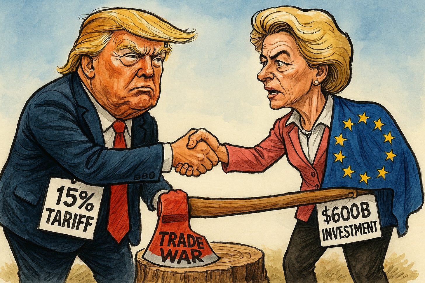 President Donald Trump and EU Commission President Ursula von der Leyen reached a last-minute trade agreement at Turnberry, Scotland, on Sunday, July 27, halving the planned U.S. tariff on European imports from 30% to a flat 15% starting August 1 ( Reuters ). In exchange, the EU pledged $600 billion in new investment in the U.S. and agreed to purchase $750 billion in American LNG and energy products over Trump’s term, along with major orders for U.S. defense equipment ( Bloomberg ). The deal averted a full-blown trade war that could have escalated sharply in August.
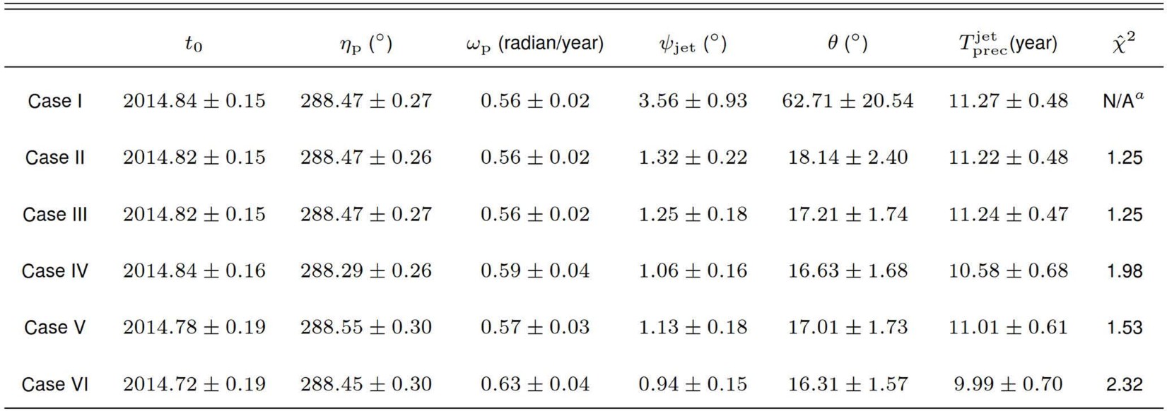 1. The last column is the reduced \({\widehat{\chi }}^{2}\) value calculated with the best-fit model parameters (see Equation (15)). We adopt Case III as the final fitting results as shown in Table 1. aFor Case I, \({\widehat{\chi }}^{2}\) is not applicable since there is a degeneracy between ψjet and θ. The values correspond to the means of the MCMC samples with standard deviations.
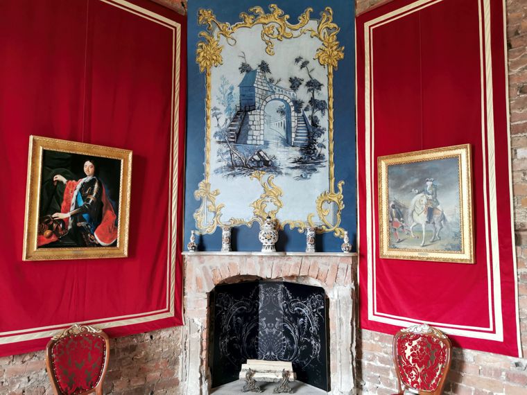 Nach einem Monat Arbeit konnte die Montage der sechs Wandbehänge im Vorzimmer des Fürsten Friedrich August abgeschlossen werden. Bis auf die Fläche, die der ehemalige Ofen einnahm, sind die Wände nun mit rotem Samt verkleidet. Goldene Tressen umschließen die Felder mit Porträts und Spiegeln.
==
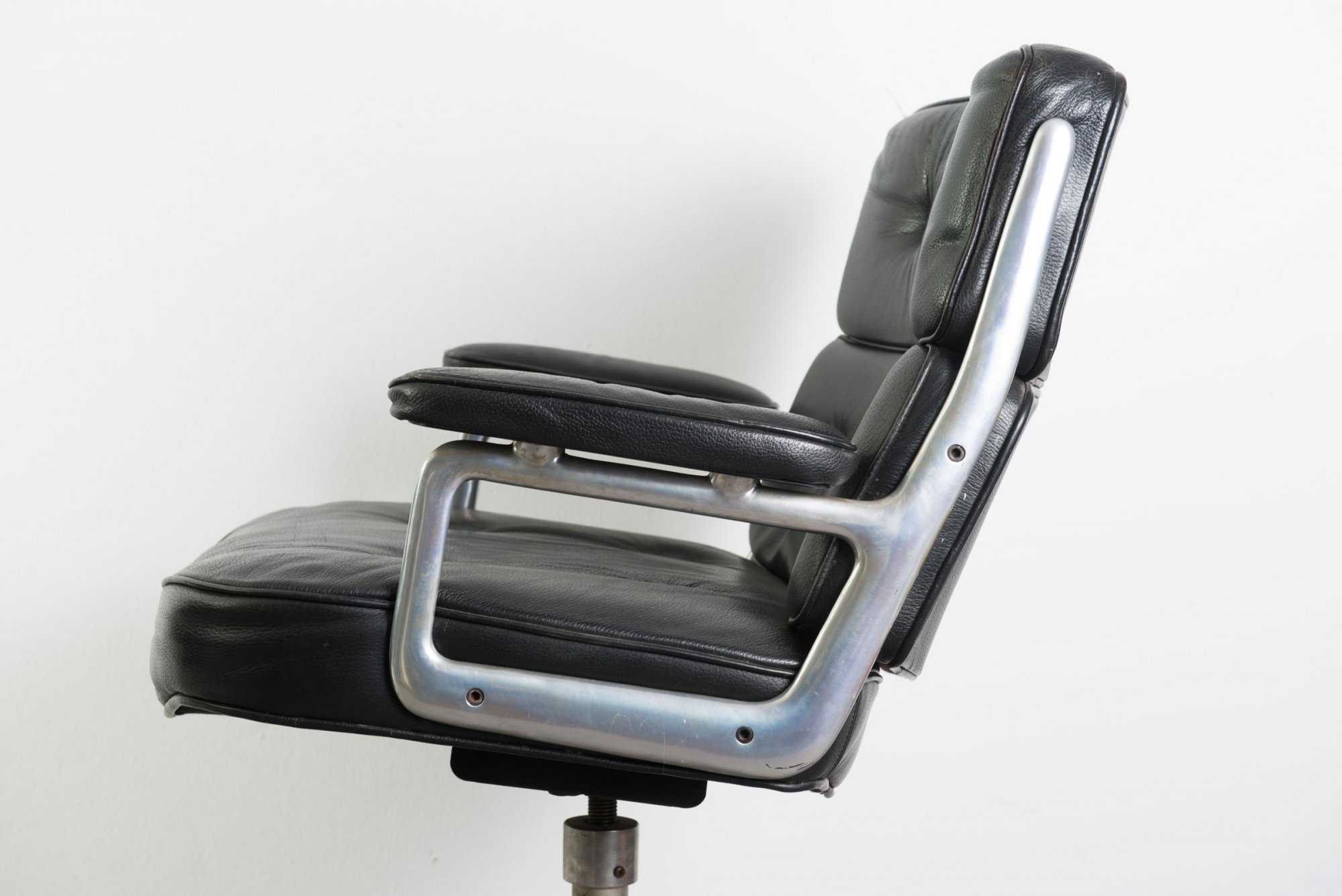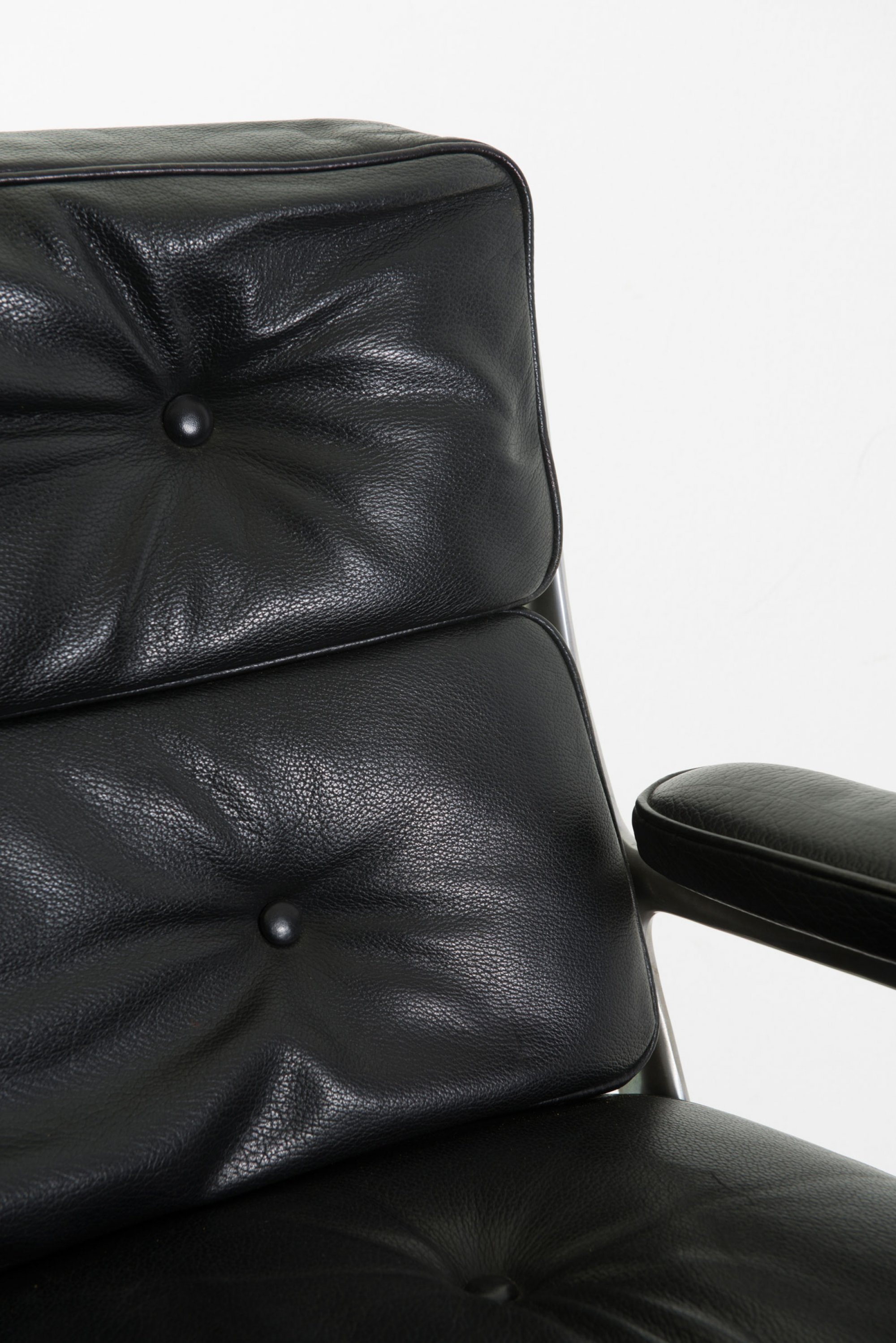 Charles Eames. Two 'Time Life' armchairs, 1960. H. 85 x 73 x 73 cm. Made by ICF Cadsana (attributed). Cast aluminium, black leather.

**Exercise goal**
Range to print from the listing above: from the line with "President Donald Trump" up to and including the line with "Nach einem Monat". Please print those lines exactly, with no pictures and nothing more.

**Answer to this task**
 President Donald Trump and EU Commission President Ursula von der Leyen reached a last-minute trade agreement at Turnberry, Scotland, on Sunday, July 27, halving the planned U.S. tariff on European imports from 30% to a flat 15% starting August 1 ( Reuters ). In exchange, the EU pledged $600 billion in new investment in the U.S. and agreed to purchase $750 billion in American LNG and energy products over Trump’s term, along with major orders for U.S. defense equipment ( Bloomberg ). The deal averted a full-blown trade war that could have escalated sharply in August.
 1. The last column is the reduced \({\widehat{\chi }}^{2}\) value calculated with the best-fit model parameters (see Equation (15)). We adopt Case III as the final fitting results as shown in Table 1. aFor Case I, \({\widehat{\chi }}^{2}\) is not applicable since there is a degeneracy between ψjet and θ. The values correspond to the means of the MCMC samples with standard deviations.
 Nach einem Monat Arbeit konnte die Montage der sechs Wandbehänge im Vorzimmer des Fürsten Friedrich August abgeschlossen werden. Bis auf die Fläche, die der ehemalige Ofen einnahm, sind die Wände nun mit rotem Samt verkleidet. Goldene Tressen umschließen die Felder mit Porträts und Spiegeln.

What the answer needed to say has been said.